「役割に誇りを持って」 えつこ

11月16日

 昨日は朝から1日中、緊張していました。それは、夕食後にアンサンブルどっきりオンステージがあり、昨日はあんなちゃんと私の日だったからです。緊張しすぎて、朝からずっと、少し内蔵に違和感を感じながら1日を過ごしていました。こんなところで内蔵と心との関わりを感じました。

 ずっと私は、色んな人に合う度に、「緊張する!」とばかり、言っていました。夕食の前、隣のゆりかちゃんにも、話しました。

 すると、ゆりかちゃんは、「心の中で一緒に歌っているから大丈夫だよ」という言葉をかけてくれました。そのときは、ぐっとこらえましたが、涙が出そうになりました。今夜は1人で演奏するけれど、1人ではないのだと、思いました。さとみちゃんが、アンサンブルの完成度を高めるために企画してくれたこと。誰かに点数をつけられるものでもなく、楽しんで演奏しても良いのだと、思いました。

 夕食後、ダンス練習の後に、みんなの前で演奏をしました。私の前はあんなちゃんでした。凛として誇り高いあんなちゃんのトランペットの音色に、勇気をもらいました。これは競争ではないのだ、アンサンブルはチームプレイなのだと、安心した気持ちになりました。

 自分の番が来ました。かなり緊張して音が震えてしまう部分もあったけれど、みんなにあたたかく見守ってもらえて、嬉しかったです。前で聞いてくれているあゆちゃんが、歌いながら聞いてくれたことも嬉しかったです。

 みんなの前で自分のパートだけを1人で演奏することで、自分の演奏の浅さや、もっとこうしたい、というところがよりハッキリと見えてきました。それをみんなの前でさらけ出したことで、スッキリとした気持ちにもなりました。自分がまだまだ出来ていないところを自覚をしたけれど、それによって自己否定をするわけではなく、逆に、気持ちにもっと火が着きました。

 以前、アンサンブル練習のときに、さとみちゃんが、イメージが音になるということを話してくれました。そのときに、「こんなんじゃ嫌だ、という気持ちで、イメージに音を近づけるんだよ」とも話してくれました。
 サックスを吹いているときのさとみちゃんは、涼しげで格好良いけれど、それは本当に楽をして吹いているわけではなくて、逆に、自分に厳しく、求める気持ちを強く持っているからこその、さとみちゃんのサックスの音色なのだと、思いました。
 今日のことを通して、こんなんじゃ嫌だ、という気持ちが強くなりました。音源を聞き込んで、自分は出来ると信じて、トロンボーンに向かいます。

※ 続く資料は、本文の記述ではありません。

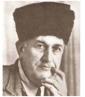
شعر/ أحمد رفيق المهدي

يا أيها الوطن المقدس عندنا شوقاً إليك، فكيف حالك بعدنا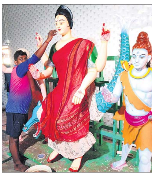
ମା'ଙ୍କ ମୁଖ୍ୟାଳୟ ମୂର୍ତ୍ତିରେ ଶିଳ୍ପୀ ଶେଷ ସର୍ତ୍ତ ଦେଇଛନ୍ତି।

କେନ୍ଦ୍ରାପଡ଼ା ଜିଲାର ଗଣତନ୍ତ୍ର ଚାମା ମା' ଗଜଲକ୍ଷ୍ମୀଙ୍କ ଧରାବତରଣ ରୂପବାର ହେବ। ଏଥିପାଇଁ ସହର ତଥା ଗ୍ରାମାଞ୍ଚଳ ଚଳଚଞ୍ଚଳ ହୋଇଛି। ବିଭିନ୍ନ ପୂଜା କର୍ମଚାରୀ ପ୍ରାୟ ୨୧୧ ଶେଷ ପର୍ଯ୍ୟାୟରେ ପହଞ୍ଚିଛନ୍ତି। ଚଳଚଞ୍ଚଳ ସହର ମଧ୍ୟରେ ୬୮ଟି ମଣ୍ଡପରେ ମା'ଙ୍କ ମୁଖ୍ୟାଳୟ ଓ ଅନ୍ୟ ଦେବଦେବୀଙ୍କ ପୂଜାପାଠ ହେବ। ସେହିପରି ଜିଲାର ୨୧୧ଟି ଗ୍ରାମରେ ମା'ଙ୍କ ପୂଜା ପାଇଁ ଅନୁମତି ମିଳିଛି। ଅଧିକାଂଶ ପଠାପଠରେ ସୁସଜ୍ଜିତ ତୋରଣ ହୋଇଥିବା ବେଳେ ପୂଜାପାଠ ଆଖପାଖ ରାସ୍ତାର ଛକଗୁଡ଼ିକରେ ଆଲୋକମାଳା ଝଲୁଥିଲା। ଜନସମାଗମକୁ ଲକ୍ଷ୍ୟ ରଖି ସହରର ବିଭିନ୍ନ ଗ୍ରାମରେ ଫେସନ ବଜାର, ସ୍ତୁଳ ଆଦି ଲାଗିଲାଣି। ବ୍ୟବସାୟ ଚାଲିଯିବା ସତ୍ତ୍ୱେ ମଧ୍ୟ ପୂଜା ପାଠ ଆରମ୍ଭ ହୋଇଛି। ଚଳଚଞ୍ଚଳ ତୋରଣ ସହିତ ମେଢ଼ି ଯାକସଜ୍ଜାକୁ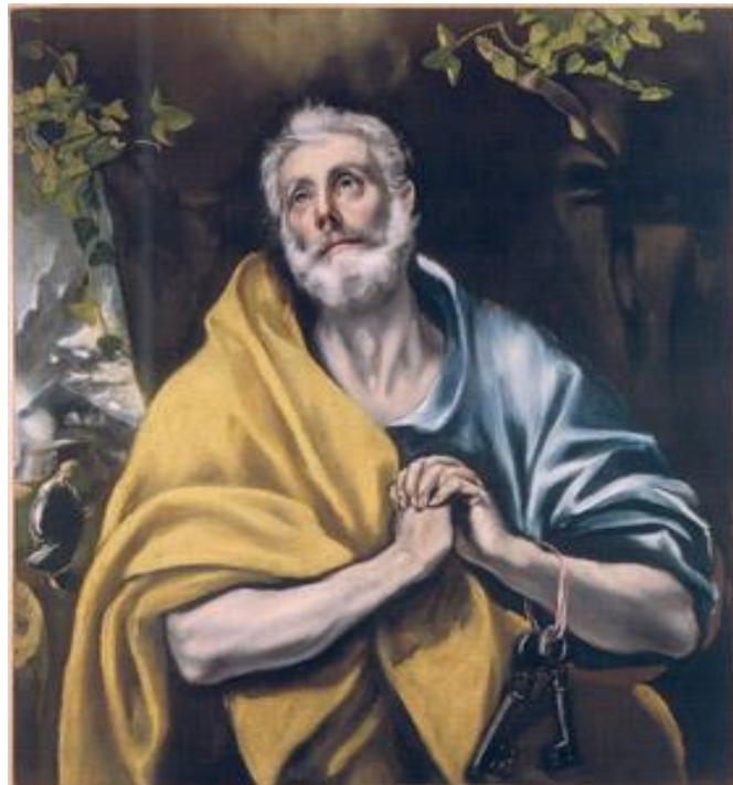
Las lágrimas de San Pedro , (1613) Doménikos Theotokópoulos «El Greco»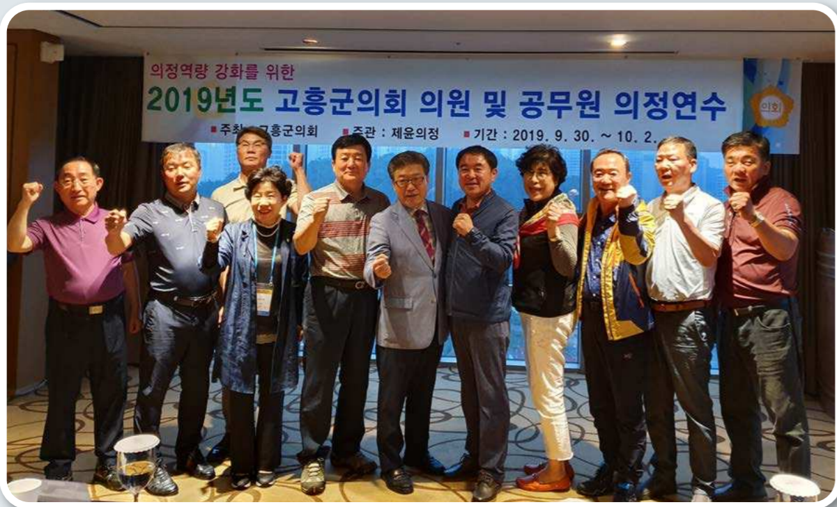
2019 하반기 고흥군의회 의원연수 (2019. 9. 30.)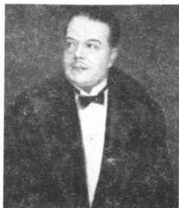
图 1-3 贾济列夫

贾济列夫(1872~1929),20世纪俄罗斯最杰出的艺术经纪人,他经营的俄罗斯芭蕾舞团在西欧获得了极大成功,使之上升为世界上最具实力的舞蹈团。同样,他为斯特拉文斯基提供了最佳的音乐创作舞台,使其独到的天赋得以充分展示。不仅如此,他在绘画领域也极具创意,主编了《艺术世界》杂志。他还以独到的眼光、强有力的经营手段,使俄罗斯圣彼得堡跻身世界艺术中心。他成功地策划了20世纪最重要的一些艺术事件,如原始主义芭蕾《春之祭》的演出等。贾济列夫是20世纪音乐艺术生活中举足轻重的人物。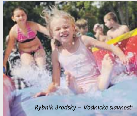
Rybník Brodský – Vodnické slavnosti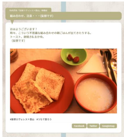
ベースキャンプの朝食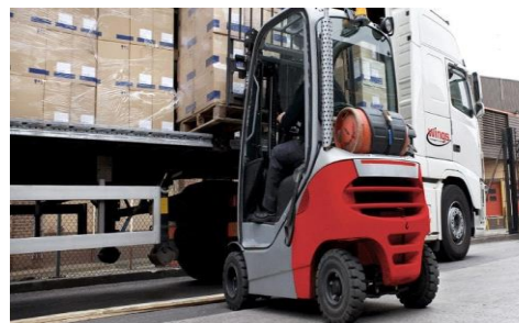
Figura 6: Manipulación y transporte de mercancías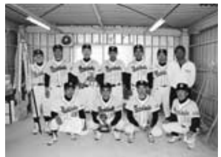
▲Aクラス優勝 吉岡球愛倶楽部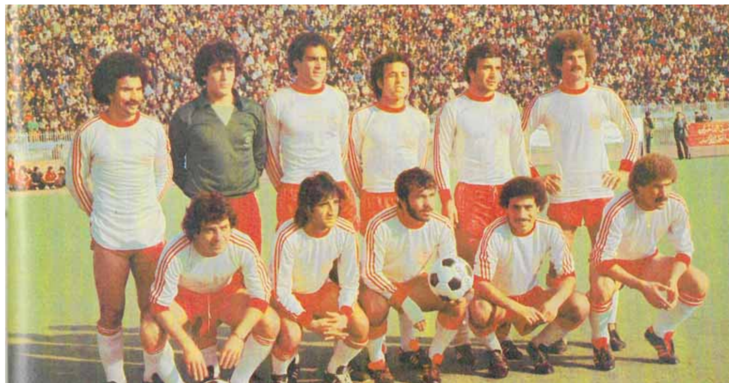
نادي الشرطة بطل ١٩٨٠

استعصت عليه النجمة الثالثة في الدوري منذ ١٩٩٧ حتى ٢٠٢٠. فاعتبر ذلك ولادة جديدة للفريق، وكثيراً ماكانت المناحرات والشجارات بين أهل البيت، سبياً في تأخر وصول البحارة إلى اللقب الثالث الذي بدا مستعصياً حتى فك اللغز، وفي مسابقة الكأس لم يلعب النهائي منذ عام ٢٠٠٦ رغم أنه كان المرشح الأوفر حظاً في أكثر من نسخة أخيرة؛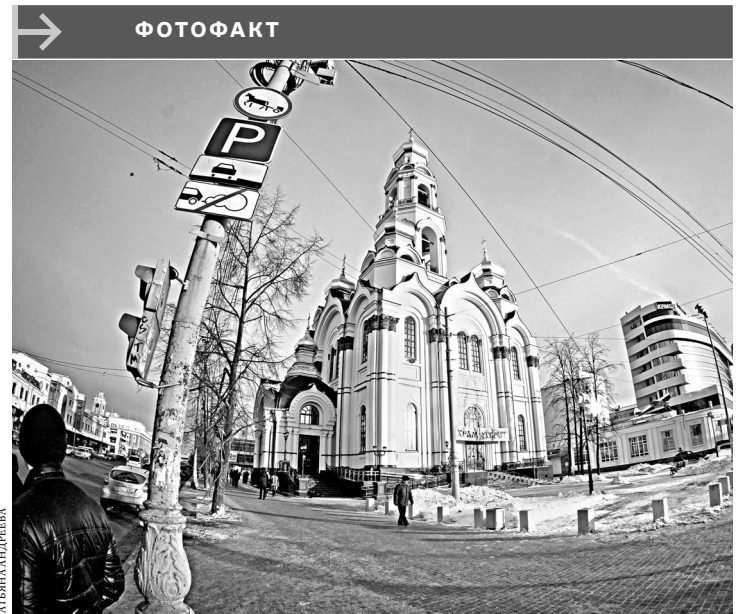
В Екатеринбурге в Максимилиановском храме, восстановленном спустя 83 года после уничтожения, прошла первая литургия. «Большой Златоуст» (народное название) — единственный в Екатеринбурге храм-колокольня. Его основной колокол — точная копия своего предшественника — самый крупный на Урале: вес — 16 тонн, диаметр — 2,7 метра, высота — около 3 метров.

Окружная клиническая больница Ханты-Мансийска: Тел.: (3467) 39-00-02, 32-05-97.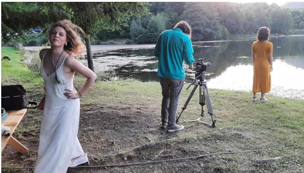
Treći dan snimanja Mrzle vodice, film Puls, 2024.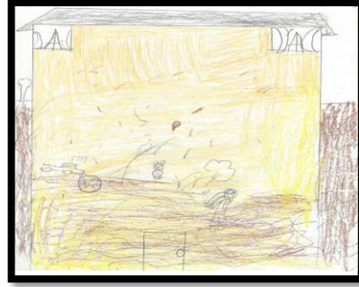
Figura 6. Durante el desastre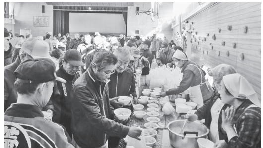
炊出し訓練の様子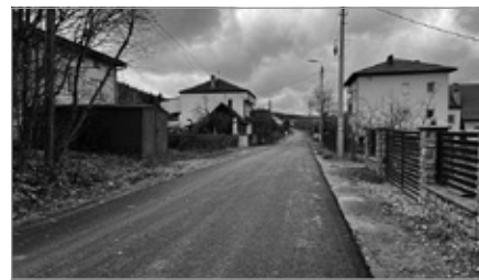
Odtworzenie nawierzchni drogi w Zelejewie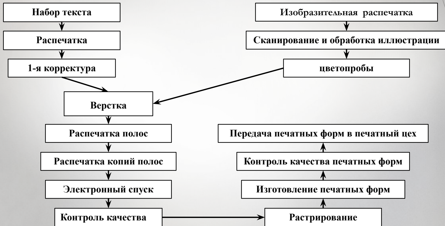
Схема технологического процесса допечатной подготовки (технология CtP)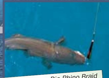
Dorsch-Alarm: Die Rhino Braid machte auch in Norwegen eine gute Figur.

flochtene in Sachen Abriebfestigkeit durchaus sehen lassen kann. Beim Pilken über Muschelgrund dauerte es schon eine ganze Weile, bis die ersten Verschleißerscheinungen auftraten. Ebenfalls bemerkenswert: Die Knoten hielten auch bei Extrembelastungen wie Hängern bombenfest. Dazu trägt sicherlich die nicht zu glatte Schnur-Oberfläche bei.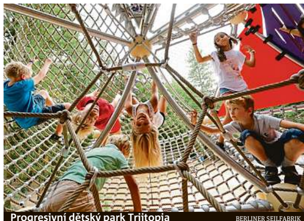
Progressivní dětský park Triitopia

Stále více pedagogů, výrobců a urbanistů tvrdí, že dětská hřiště musí přestat usilovat o absolutní bezpečnost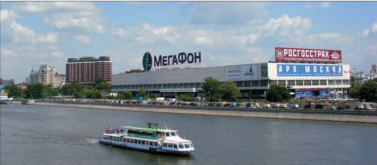
Центральный дом художника. Крымский Вал. Здание построено целиком на средства Союза художников СССР

остальные дома, где люди соединяются в покое и добре, без ненависти, – все это нужно не только нам, но и нашему государству. Невозможно вести подобную гражданскую войну!.. Ведь это же безумие! Поэтому безусловно Домам необходимо объединиться – и отстаивать свое право на культуру методами изнурительных, трудных переговоров и юридическими методами. Очень неприятно судиться, но судиться надо. Мы должны быть готовы к тяжелой, длительной осаде. Но поскольку мы люди закаленные, поскольку мы люди достаточно мужественные, поскольку мы прожили непростую жизнь – я думаю, что мы это преодолеем!»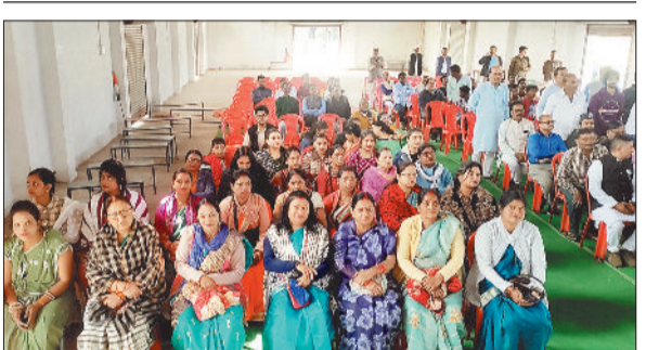
बैठक में उपस्थित लोग।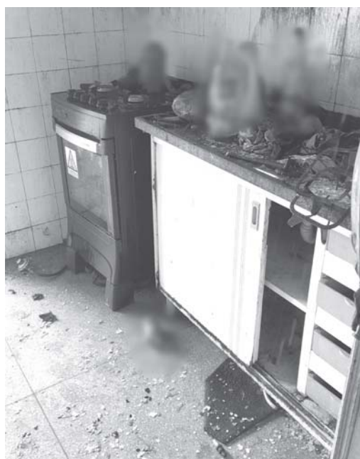
Cozinha da residência ficou destruída, mas nenhuma pessoa ficou ferida

Recomenda-se ainda que nunca utilize dois ou mais equipamentos na mesma tomada, evitando assim que sobrecarga ocasione incêndio na moradia.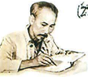
Bác Hồ viết di chúc

(Những nội dung cốt lõi của Di chúc Chủ tịch Hồ Chí Minh)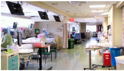
Once the emergency expires, people with private insurance will have some out-of-pocket costs for vaccines, tests and treatment, while the uninsured will have to pay for those expenses in their entirety.

Congress has already blunted the reach of the public health emergency that had the most direct impact on Americans, as political calls to end the declaration intensified. Lawmakers have refused for months to fulfill the Biden administration's request for billions more dollars to extend free COVID vaccines and testing. And the $1.7 trillion spending package passed last year and signed into law by Biden put an end to a rule that barred states from kicking people off Medicaid, a move that is expected to see millions of people lose their coverage after April 1. The costs of COVID-19 vaccines are also expected to skyrocket once the government stops buying them, with Pfizer saying it will charge as much as $130 per dose. Only 15% of Americans have received the recommended, updated booster that has been offered since last fall.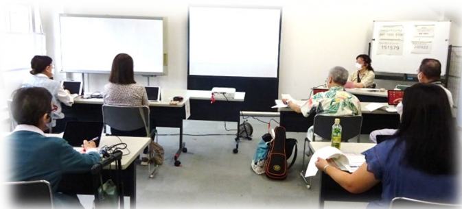
Zoomの活用について話を聴く参加者のみなさん

区民活動支援センターの登録に関することは神奈川県役所5階507窓口まで。 お問合せ：045-411-7089

 もうひとつ、書きたい、このどっきりオンステージを通じて最近気がついたことは、アンサンブルには1人1人の存在がとても大きいのだということです。みんながメロディーでもつまらない。聞いている人にはわからないくらいに小さな音で伴奏を吹くことがありますが、その音にも、とても意味があります。いらない人は1人もいません。

 これは、アンサンブル以外にも、コンサートを作る上でも、なのはなファミリーで生活する上でも、生きる上でも、言えることではないかと、思いました。1人ひとりに役割がある。私が誰であっても良い。能力が低くても、私だからこそ出来ることが必ずある。ただ、誠実に、自分の役割に誇りを持って、生きていたいです。